9. We further find that similar findings were rendered by the Hon’ble Delhi High Court in IBIBO Group Pvt. Ltd. vs. ACIT, in W.P.(C) No.17639 of 2022, vide order dated 13/12/2024. We find that in the following decisions of the Co-ordinate Bench of the Tribunal, on similar lines, re-assessment notices issued under section 148 of the Act for the assessment year 2015-16 were quashed: –
- ACIT vs. Manish Financials, ITA No.5050 and 5055/Mum/2024 order dated 02/12/2024.
- ITO vs. Pushpak Realities Pvt. Ltd., ITA No.4812/mum/2024, order dated 07/09/2024.
10. We further find that vide order dated 04/04/2025, the Hon’ble Supreme Court in ACIT vs. Nehal Ashit Shah, in SLP (C) Diary No.57209 of 2024, upheld the quashing of the re-assessment proceedings initiated for the assessment year 2015-16 considering the submissions of the Revenue as recorded in paragraph 19(e) and 19(f) of the decision in Rajeev Bansal (supra). Similar findings were rendered by the Hon’ble Supreme Court in Deepak Steel and Power Ltd vs. CBDT, reported in [2025] 174 com144 (SC).

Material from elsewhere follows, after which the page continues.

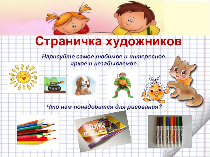 этой школе, вспомните меня, своих товарищей по классу. А чтобы было легче вспоминать, сделаем рисунки. Что рисовать, каждый выберет сам.

11. Therefore, it is evident that the Hon’ble Courts, consistently considering the submissions made by the Revenue before the Hon’ble Supreme Court in Rajeev Bansal (supra), have held that the reassessment notice issued under section 148 of the Act for the assessment year 2015-16 is barred by limitation. Thus, on this limited basis alone, the notice dated 31/07/2022, issued under section 148 of the Act in the present case, is liable to be quashed, as time-barred under the provisions of the Act. We order accordingly. Consequently, the entire reassessment proceedings and assessment order passed under section 147 read with section 144B of the Act are also quashed.
12. Since the relief has been granted to the assessee on the afore-noted jurisdictional aspect, the other grounds raised by the assessee in its appeal are rendered academic and, therefore, are kept open.
13. In view of our findings rendered in the assessee’s appeal, the grounds raised in the Revenue’s appeal are rendered infructuous and are dismissed.
14. In the result, the appeal by the assessee is allowed, while the appeal by the Revenue is dismissed.